Posted each Thursday, Lectionary Ruminations focuses on the Scripture Readings, taken from the New Revised Standard Version, for the following Sunday per the Revised Common Lectionary. Comments and questions are intended to encourage reflection for readers preparing to teach, preach, or hear the Word. Reader comments are invited and encouraged. All lectionary links are to the New Revised Standard Version (NRSV) of the Bible via the PC(USA) Devotions and Readings website, but if you prefer another translation, feel free to use that instead. (Other references are linked to the NRSV via the oremus Bible Browser.)
Isaiah 63:7-9
v. 1 Can you enumerate (list and count) the gracious deeds and praiseworthy acts of the LORD? How high can you count?
v. 8 In verse 7 Isaiah speaks in the first person plural of “us”, but in verse 8 shifts to the third person “they” and “their”. Why the shift? What difference does it make?
v. 9 I like this verse. Perhaps I have never noticed it before. I like that “It was no messenger or angel” but the LORD’S presence that saved them. Remember, this is before Christ!
Psalm 148:1-14
v. 1 Is it stating the obvious to identify this as a “praise” psalm.
v. 2 This is the second time (and the second reading) that angels are mentioned.
v. 3 Was the full moon with celestial halo around it on the winter solstice just before the full lunar eclipse less than a week ago praising the Lord?
v. 7 Even though, or perhaps because, I am a kayaker and a sailor, I can more easily accept the actual sun, moon and stars praising the Lord than I can accept “sea monsters” praising the Lord.
vs. 7-10 Verses especially appropriate for “Presbyterians For Earth Care”. After all, how can creation praise the Lord if humans pollute and destroy it?
v. 8 This reads like a winter’s verse, or else a mountain climber’s verse.
v. 11 Now we transition from the natural world to the political realm.
v. 13 What is “the name of the Lord”? Dare we write it? Dare we speak it
v. 14 What is “a horn”?
Second Reading Hebrews 2:10-18
v. 10 What a bummer! From the joy and celebration of Christmas a mere day ago we now get sufferings.
v. 11 Why WOULD Jesus be ashamed?
vs. 12-13 Where did these quotes come from?
v. 14 Can we read/teach/preach this without personifying “the devil”?
v. 17 Is “sacrifice atonement” the only understanding of atonement?
vs. 14-18 A fairly theological exposition of the incarnation, which is probably why this passage was chosen for the First Sunday After Christmas.
Gospel Matthew 2:13-23
v. 13 In Matthew, how many times does an Angel appear to Joseph in a dream?
vs. 13-14 Could this verse be an example of Midrash?
v. 15 Could there have been another theological reason for Jesus going to Egypt other than fulfilling of prophecy?

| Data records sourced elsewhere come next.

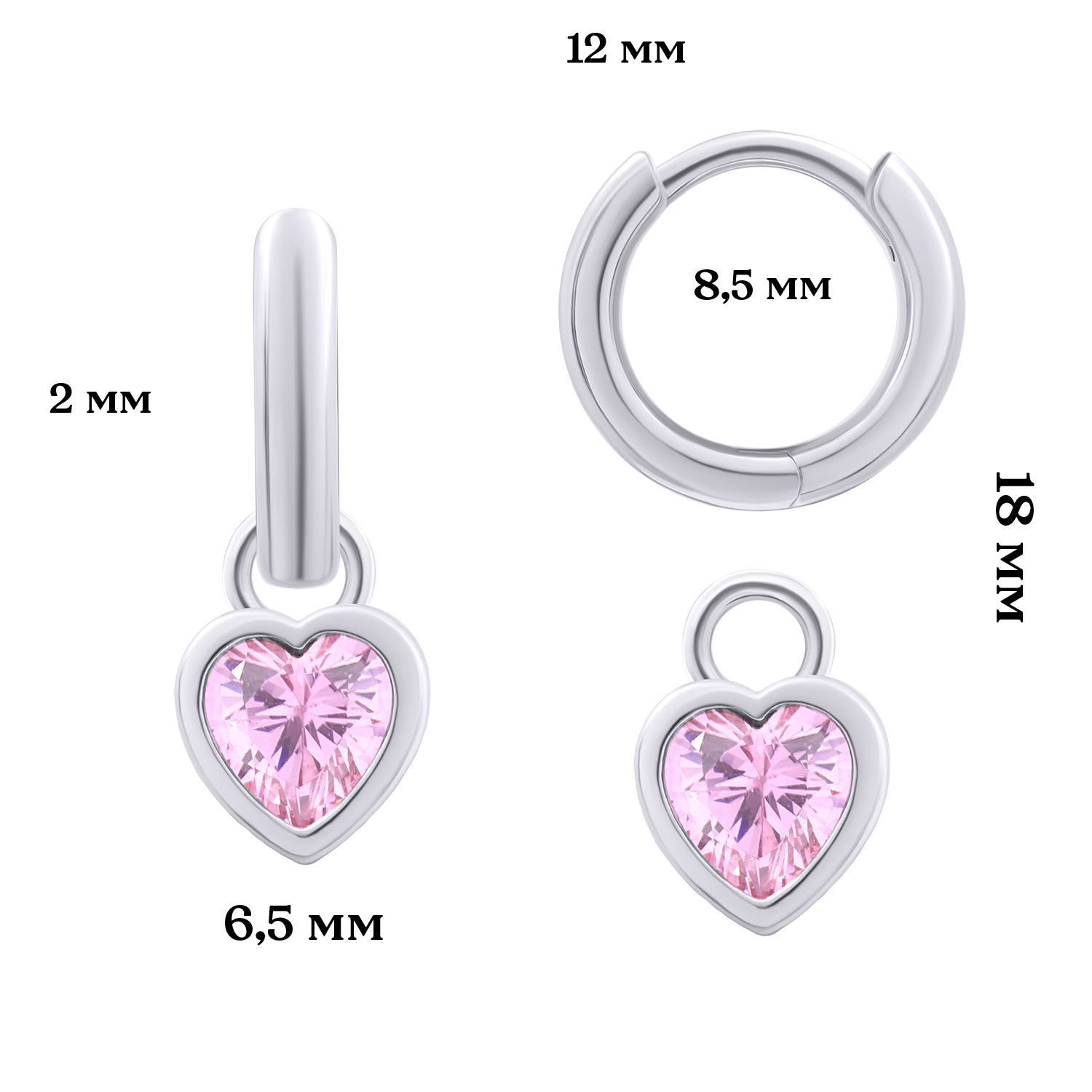 Сережки з підвісами Серце сяюче з рожевими фіанітами, d 12 мм із колекції UmaUmi Transformers – красиві, легкі і зручні дитячі сережки. Відмінний ювелірний подарунок на будь-яке свято!
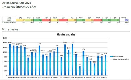 En el detalle mensual de 2025, las lluvias se concentraron principalmente en los meses de marzo (145 mm), agosto (128 mm), noviembre (134 mm) y diciembre (123 mm). En contraste, se registraron meses con precipitaciones muy escasas, como abril (13 mm), junio (9 mm) y octubre (15 mm), lo que refleja una distribución desigual a lo largo del año.
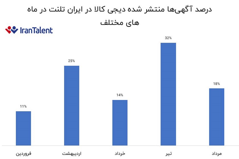 در نمودار بالا میتوان مشاهده کرد در دو ماه تیر و اردیبهشت دیجی کالا بیشترین میزان آگهی را در ایران تلنت منتشر کرده است تا بتواند به افراد مد نظر خود در آن موقعیتهای شغلی برسد. همچنین باید عنوان کرد که، طبق آمارهای دیجی کالا به طور متوسط، بیش از ۱۶ درصد افرادی که در مصاحبه شغلی دیجی کالا شرکت کردهاند در نهایت استخدام شدند.
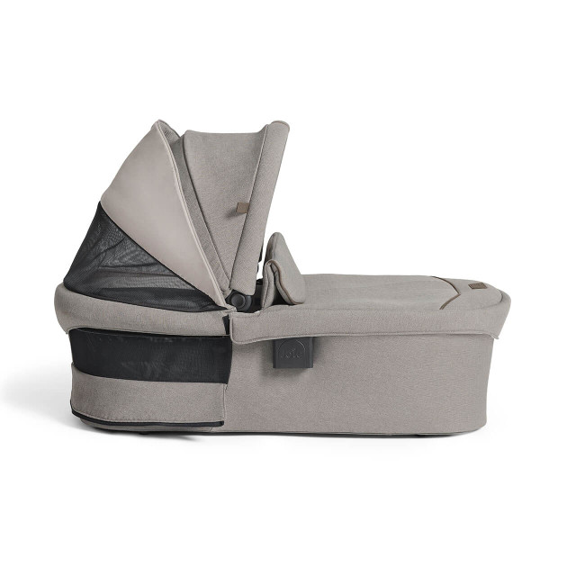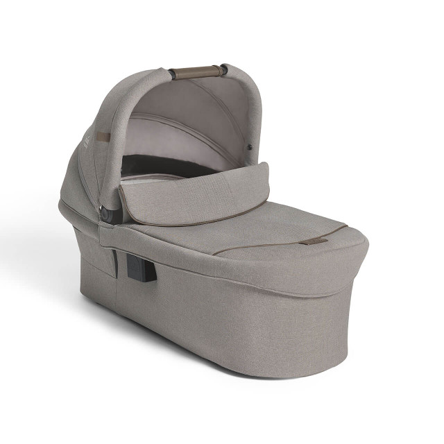 The carrycot has a large UPF50+ retractable canopy with multiple positions and a convenient leatherette carry handle. Together with the cool-weather apron provide excellent cover from the wind and rain. The Ramble XL carrycot set includes a rain cover for heavy showers. At the inner foot end, you can also find a storage pocket suitable to put in small items like nappies. The entire unit can be folded for easy and convenient storage.
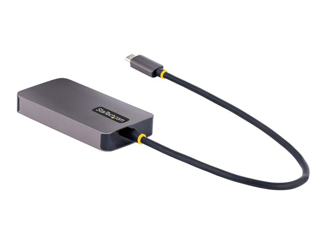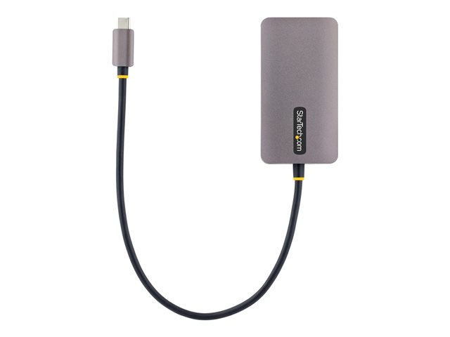 Produktbeskrivning StarTech.com USB C Video Adapter, USB C to HDMI DVI VGA Adapter, Up to 4K 60Hz, Aluminum, Multiport Video Display Adapter for Laptops, Thunderbolt 3/4 Compatible, USB Type C Monitor Adapter - USB C Travel Adapter (118-USBC-HDMI-VGADVI) - dockningsstation - USB-C - VGA, DVI, HDMI Typ av produkt Dockningsstation Dockningsgränssnitt USB-C Videogränssnitt VGA, DVI, HDMI Dimensioner (BxDxH) 4.5 cm x 8.5 cm x 1.4 cm Vikt 73 g Färg Grå Tillverkarens garanti 3 års garanti -

v. 16 Death in the slaughter on the innocents intrudes into the otherwise bucolic narrative of Christmas.
vs. 17-18 So all the infants were killed just so that prophecy could be fulfilled?
v. 19 Another angel, another dream, same old Jospeh!
v. 22 With so many dreams mentioned in the Bible, why does the church say so little about dreams, dreaming, and dream interpretation (other than Jungians)?
vs 13-23 It seems odd that Mary and Jesus are never mentioned by name but are referred to as “the child and his mother”.